Gutiérrez, who has frequently criticized the president on the record number of deportations he has presided over, has scheduled a press conference Wednesday morning in Chicago with the Illinois Coalition for Immigrant and Refugee Rights at which he “will discuss the urgent need for immigration prosecutorial discretion and executive action on the part of the Obama Administration,” according to a statement issued by his office.
In March, the president began a delaying tactic on immigration issues, at first by putting off a Department of Homeland Security review of how deportation practices could be made more humane in order to allow House Republicans to act on a comprehensive immigration reform package.
When it became eminently clear that no immigration legislation was likely to move in Congress, the president threatened to use executive action unilaterally to alter the nation’s immigration policy.
Reportedly at the request of Senate Democrats up for re-election, however, Obama postponed any such action, promising immigration advocates and members of the Congressional Hispanic Caucus that he would act on immigration immediately after the midterm election.
The delays infuriated Gutierrez and other advocates, who've warned the White House that each day of inaction would only further alienate Hispanics, who have come out in overwhelming numbers for Obama and the Democrats over the last several election cycles.
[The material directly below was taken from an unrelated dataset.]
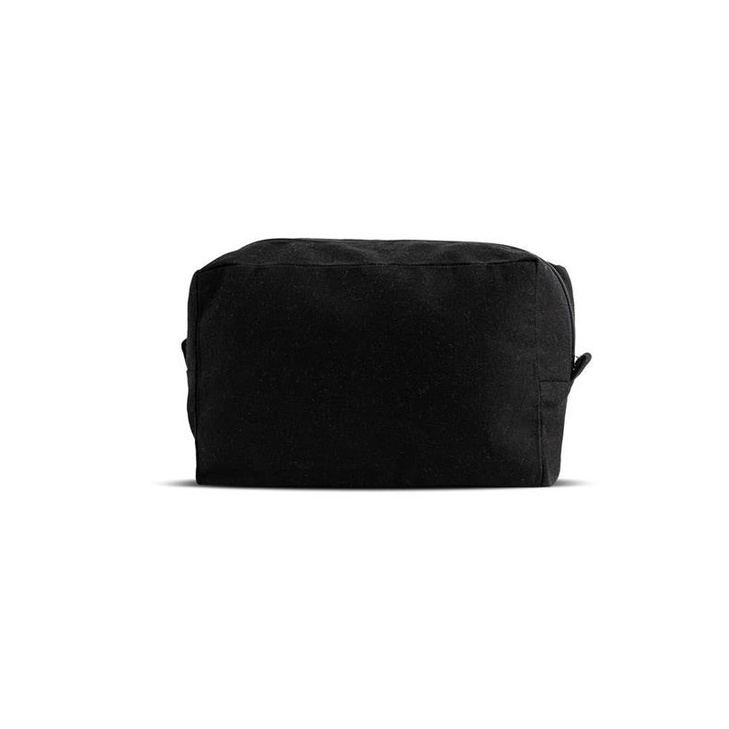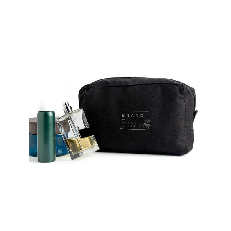 Canvas toiletry bag. Discover the practicality and style of our promotional toiletry bag, made from high-quality canvas and OEKO-TEX® STANDARD 100 certified. Available in an elegant black color, this toiletry bag combines durability and sophistication. With dimensions of 23 cm x 14 cm x 8 cm, it is perfect for organizing your daily essentials efficiently and charmingly. Ideal for gifting to your clients and partners, highlighting your brand's environmental responsibility and good taste.

On Thursday of last week, Gutierrez cosigned an editorial published in both English and Spanish with House Minority Leader, Nancy Pelosi, and Zoe Lofgren (both D-Calif.) that stated, “President Obama promised to use his authority under existing law to achieve reform. We do not know exactly what the President will do or when he will announce it, but we are confident he will act.”
They also laid out historical precedent, starting with Republican presidents Dwight Eisenhower, Ronald Reagan and George H.W. Bush, that they believe would give Obama the authority “to make our immigration system better meet the needs of our country and reflect our shared values.”